> [EXERCISE DIRECTIONS] Retype the data below verbatim; pictures do not belong in the copy.

(Beginning of GIVEN DATA)

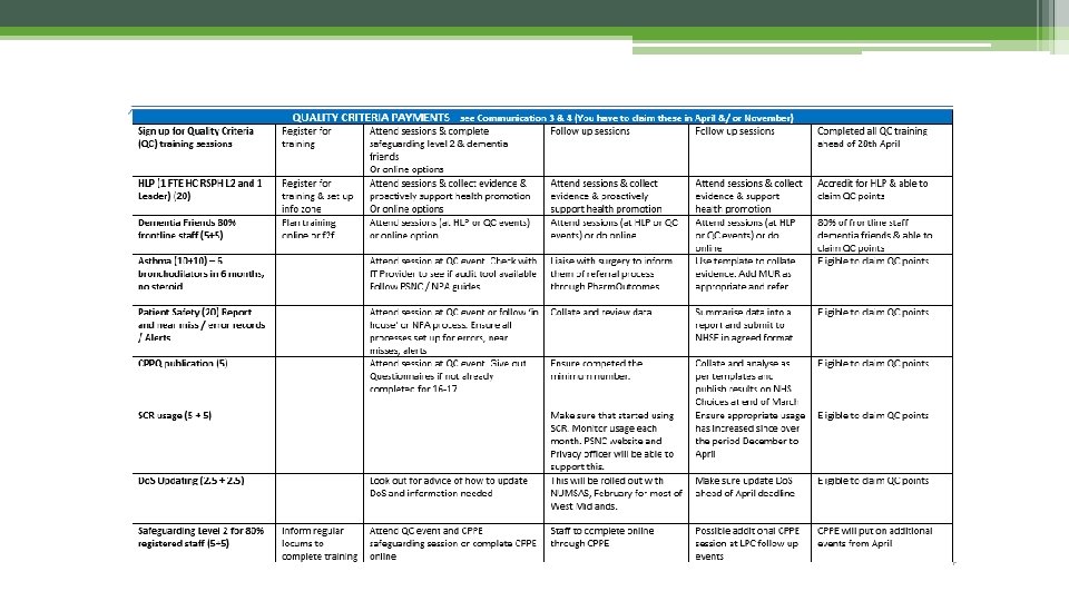Quality Payments in 17/18 • Total of 100 points • £ 64 per point • = £ 6, 400 per contract • Could increase as additional allocation if less than 100% uptake • To a max of £ 128 per point Gateway ▫ EPS is active and used ▫ NHS Choices is up to date and maintained (7 th Feb onwards) ▫ Active NHS Mail address and active (apply during January for generic email) ▫ Delivery of at least ONE specified Advanced service
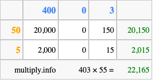 Finally, we add up all the sums we found in step 3 to get our final answer to 403 times 55.
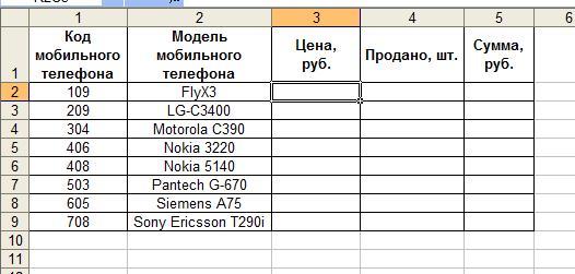 10. Заполняем графу Модель мобильного телефона таблицы «Табличные данные ведомости продаж» на листе Табличные данные ведомости продаж следующим образом:

(End of GIVEN DATA)

> [SOLUTION]
Quality Payments in 17/18 • Total of 100 points • £ 64 per point • = £ 6, 400 per contract • Could increase as additional allocation if less than 100% uptake • To a max of £ 128 per point Gateway ▫ EPS is active and used ▫ NHS Choices is up to date and maintained (7 th Feb onwards) ▫ Active NHS Mail address and active (apply during January for generic email) ▫ Delivery of at least ONE specified Advanced service
 Finally, we add up all the sums we found in step 3 to get our final answer to 403 times 55.
 10. Заполняем графу Модель мобильного телефона таблицы «Табличные данные ведомости продаж» на листе Табличные данные ведомости продаж следующим образом:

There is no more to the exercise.